>>>

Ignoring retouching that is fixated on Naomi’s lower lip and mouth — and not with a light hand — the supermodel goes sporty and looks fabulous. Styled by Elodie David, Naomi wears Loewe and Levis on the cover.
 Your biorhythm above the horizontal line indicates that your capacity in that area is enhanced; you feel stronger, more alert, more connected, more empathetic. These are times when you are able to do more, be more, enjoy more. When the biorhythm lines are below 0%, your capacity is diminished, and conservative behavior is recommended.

<<<
>>>

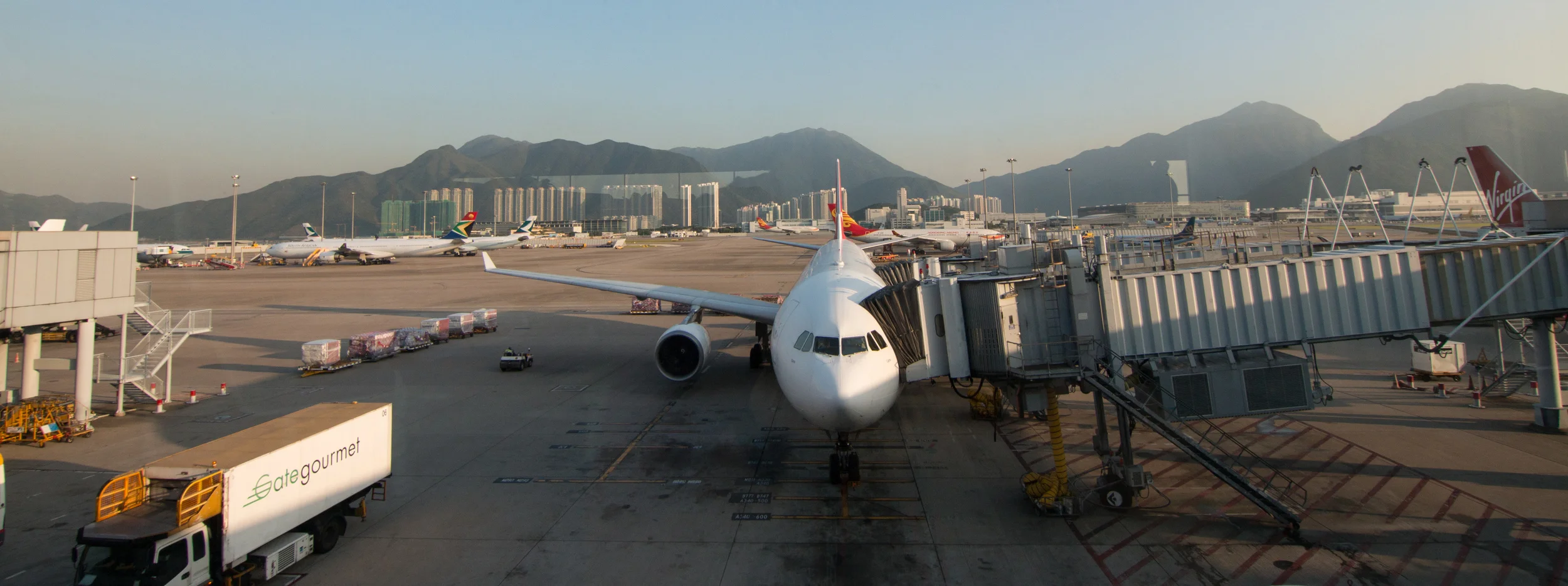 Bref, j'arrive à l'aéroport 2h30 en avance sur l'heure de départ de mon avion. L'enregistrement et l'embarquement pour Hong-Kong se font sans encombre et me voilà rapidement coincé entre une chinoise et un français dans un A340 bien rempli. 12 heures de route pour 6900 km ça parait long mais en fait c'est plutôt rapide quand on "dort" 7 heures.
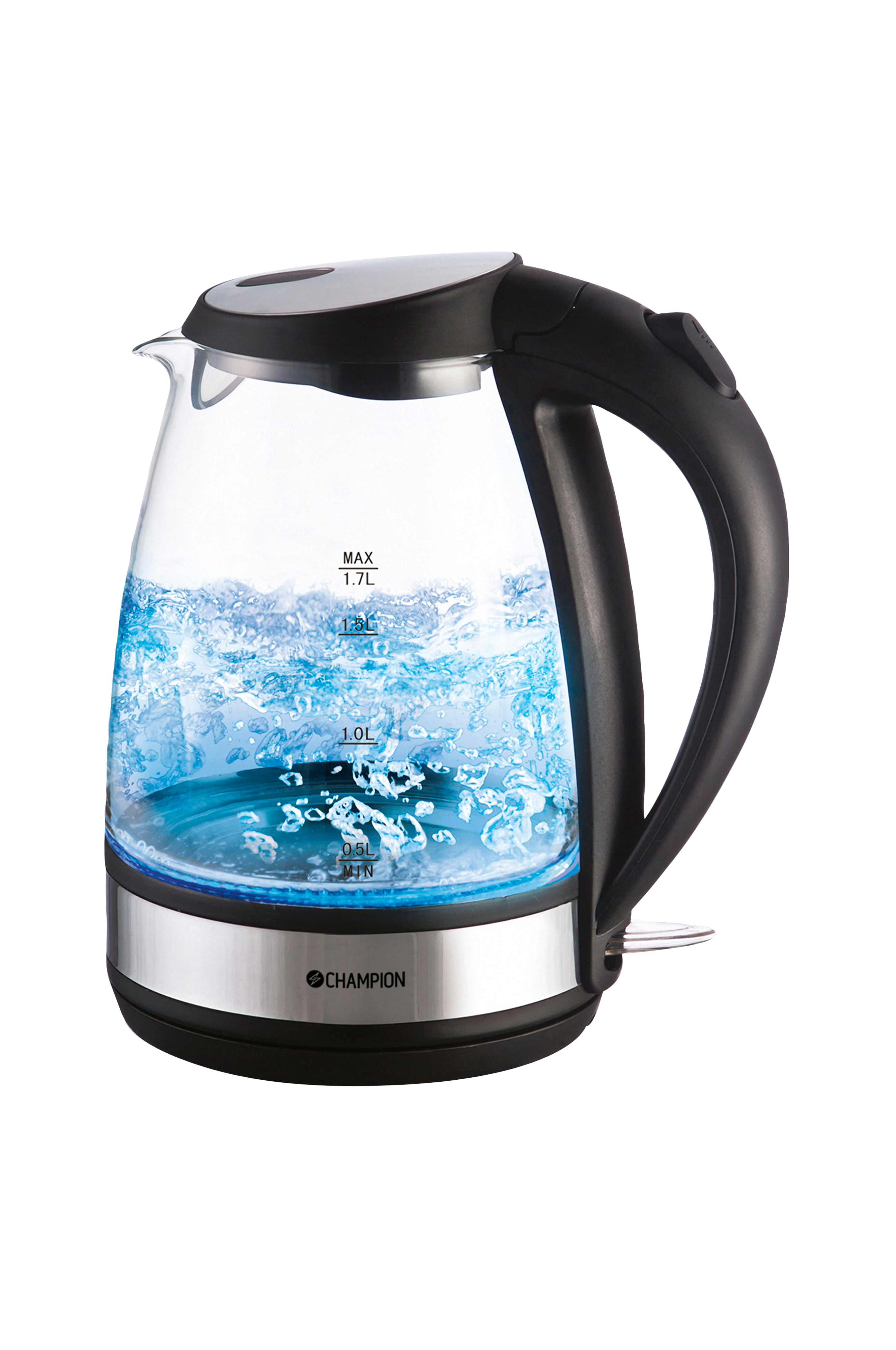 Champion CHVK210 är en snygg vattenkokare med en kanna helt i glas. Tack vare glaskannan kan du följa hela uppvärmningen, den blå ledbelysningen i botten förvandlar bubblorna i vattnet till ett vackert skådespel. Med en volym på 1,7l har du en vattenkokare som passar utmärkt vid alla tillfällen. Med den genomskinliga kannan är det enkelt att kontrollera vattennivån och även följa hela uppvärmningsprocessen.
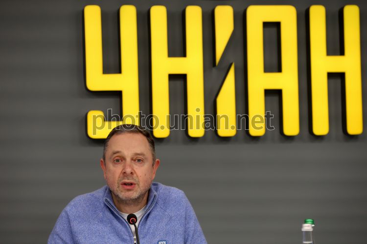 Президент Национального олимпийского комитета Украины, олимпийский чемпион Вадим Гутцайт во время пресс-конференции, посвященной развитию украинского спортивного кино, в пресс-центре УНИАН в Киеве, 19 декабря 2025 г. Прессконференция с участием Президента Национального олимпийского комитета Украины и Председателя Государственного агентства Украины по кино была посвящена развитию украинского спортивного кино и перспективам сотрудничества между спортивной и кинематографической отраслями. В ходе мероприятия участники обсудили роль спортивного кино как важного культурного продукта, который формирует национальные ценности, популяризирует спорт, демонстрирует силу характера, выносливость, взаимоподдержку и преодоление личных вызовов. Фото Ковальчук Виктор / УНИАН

<<<

#### [EXERCISE DETAILS]
Using the data above, reproduce exactly the lines between those holding "Ignoring retouching that" and "Your biorhythm above", inclusive, and no others.

#### [EXERCISE ANSWER]
Ignoring retouching that is fixated on Naomi’s lower lip and mouth — and not with a light hand — the supermodel goes sporty and looks fabulous. Styled by Elodie David, Naomi wears Loewe and Levis on the cover.
 Your biorhythm above the horizontal line indicates that your capacity in that area is enhanced; you feel stronger, more alert, more connected, more empathetic. These are times when you are able to do more, be more, enjoy more. When the biorhythm lines are below 0%, your capacity is diminished, and conservative behavior is recommended.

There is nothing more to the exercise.